First camera modules for Project Ara modular smartphone
While Google is working hard on the final version of the modular smartphone Project Ara , third-party developers are also involved in the game.
Toshiba is developing camera modules for the smartphone. Cameras fully support the modular concept, and photographers can easily upgrade the phone’s camera by simply replacing one module with another. In the event of a camera breakdown, this is also not a problem. ')
Toshiba is currently working on three modules: a 2-megapixel front camera and 5/13-megapixel modules for the back side.
So far, the first of the three stages of creating camera modules has been completed: basic functionality. The start of sales is scheduled for 2016.
On a small demo video shows how the camera takes a module of 5 MP.
Recall that the prototype of Project Ara was first shown to the public at the Google I / O conference in June 2014. Communication of individual modules in it is carried out using the UniPro MIPI network protocol via FPGA chips (programmable gate arrays).

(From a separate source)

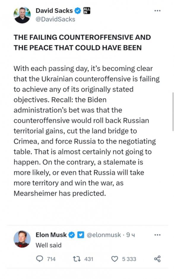 Генеральний директор компаній SpaceX і Tesla зганьбився, підтримавши у Twitter допис бізнесмена та інвестора Девіда Сакса про нібито провал контрнаступу Збройних сил України. Сакс опублікував розлогий твіт, де заявив, що український контрнаступ не досягає жодної із поставлених цілей.

The Android operating system plans to make changes to support hot-swappable modules without turning off the phone. The modules themselves, as the creators expect, will produce hundreds or thousands of third-party companies. “You can imagine Ara as analogous to the ecosystem of Android applications, but only in the hardware sense,” said project manager Paul Eremenko at the Google I / O 2014 conference.
This concept is the exact opposite of the iPhone concept, which now dominates the market. “If you have a flat tire on your bike, you don’t throw it away to buy a new bike,” said Dave Hakkens, a Dutch industrial designer who introduced his modular smartphone concept in September 2013.
Google has already released the dev-whales and began to send test equipment to developers, including habrazhiteli .
Google expects to release the basic design of Project Ara with the WiFi module for $ 50.